Just when many companies are finally starting to understand millennials, a new generation is starting to emerge. Generation Z—people who were born from 1995 onwards—is making its presence known as people from this generation are starting to enter the workforce and earning their own income.
Marketers and market researchers still have a lot of work to do to deepen their understanding of this generation. Here are five infographics that paint a picture of the Gen Z landscape.
Their media consumption habits differ from previous generations—even millennials.
In 2015, Vision Critical conducted an exclusive study that exposes the changing media consumption habits of younger consumers. While Gen Z follows millennials closely, these two generations are not entirely identical when it comes to the social media networks they visit, the devices they use and how much TV content they consume.
Some notable stats about the Generation Z characteristics from the infographic:
- On average, Gen Z uses their smartphones 15.4 hours per week—more than any other type of device.
- Gen Z consume 13.2 hours of TV content per week—significantly less than boomers and Gen X.
- There has been a 41 percent increase in the use of ad-blocking software in the past 12 months.
They prefer cool products over cool experiences.
Many studies have suggested that millennials are looking for great experiences, not great products. But the same is not necessarily true for Gen Z. This infographic from Deep Focus shows that Gen Z’s expectations from the brands they buy from differ from what millennials are looking for.
Entrepreneurial and tech-savvy are two Generation Z characteristics.
What makes the Gen Z employee tick? The infographic below, produced by NextGeneration Recruitment, outlines the differences between Gen Z, Gen Y and Gen X, and highlights why employers should continue to build their understanding of each group.
They respond to edgy campaigns.
Traditional marketing doesn’t work for Gen Z. Marketers need to embrace technology and new ways of storytelling. According to an infographic from Upfront Analytics, Gen Z customers respond to edgy and visual marketing tactics. Videos—especially short ones like those created via the social network Vine—work particularly well with young customers.
They want to co-create culture—and they do.
In 2015, the market research firm Wildness conducted a study on 12 to 24 year olds in the U.S. The company’s top conclusion? This “post-internet generation” doesn’t simply consume entertainment—they help create and shape it.
From the infographic:
What we’ve uncovered in our research is that this is a generation of CCs (Culture Creators) that are redefining entertainment, consumption, the workplace and marketing. The CCs are empowered, connected, empathetic self-starters that want to stand out and make a difference in the world.
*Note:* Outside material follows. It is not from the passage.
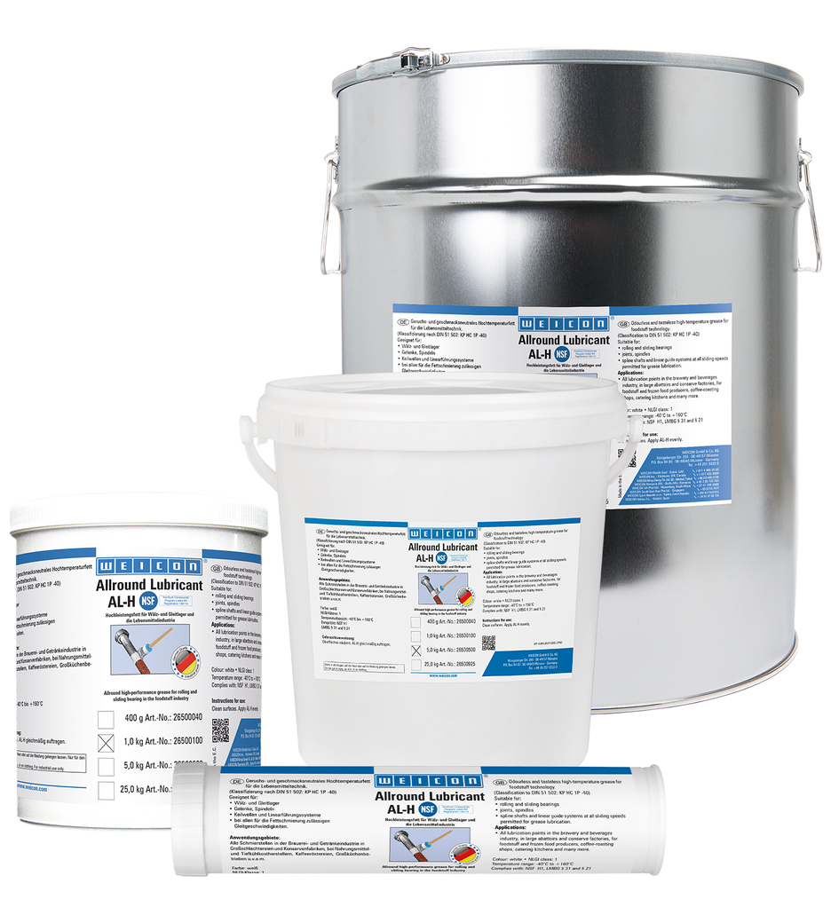 O WEICON AL-H é adequado para chumaceiras de rolos e de deslizamento, juntas, fusos, veios estriados e sistemas de guias lineares em todas as velocidades de deslizamento permitidas para lubrificação com massa. Graças à sua formula especial e à aprovação NSF H1, o AL-H é especialmente adequado para utilização na tecnologia de processamento de alimentos.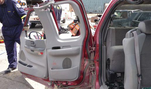 Often, rescuers’ approach to a typical side-impact crash is to create a purchase point on the latch side of the front door, near the handle,

They have created a new Cultural Currency that values uniqueness, authenticity, creativity, shareability and recognition. What’s different for this generation is not as simple as the internet or technology. Technology is an important component, but what’s changed is this generation’s relationship with culture.
The study revealed that 80 percent of Gen Z say finding themselves creatively is important. Over 25 percent post original video on a weekly basis, while 65 percent enjoy creating and sharing content on social media.
These infographics reiterate the need to engage with and understand Gen Z —an increasingly important group of customers who will help to shape the future. As Gen Zs enter the workforce and their purchasing power increases, companies can’t afford to act within conventional assumptions or generational frameworks. A deeper understanding of Gen Z customers—one that is rooted in continuous, two-way dialogue—is required to deliver products, services and experiences that this elusive and evolving generation is looking for.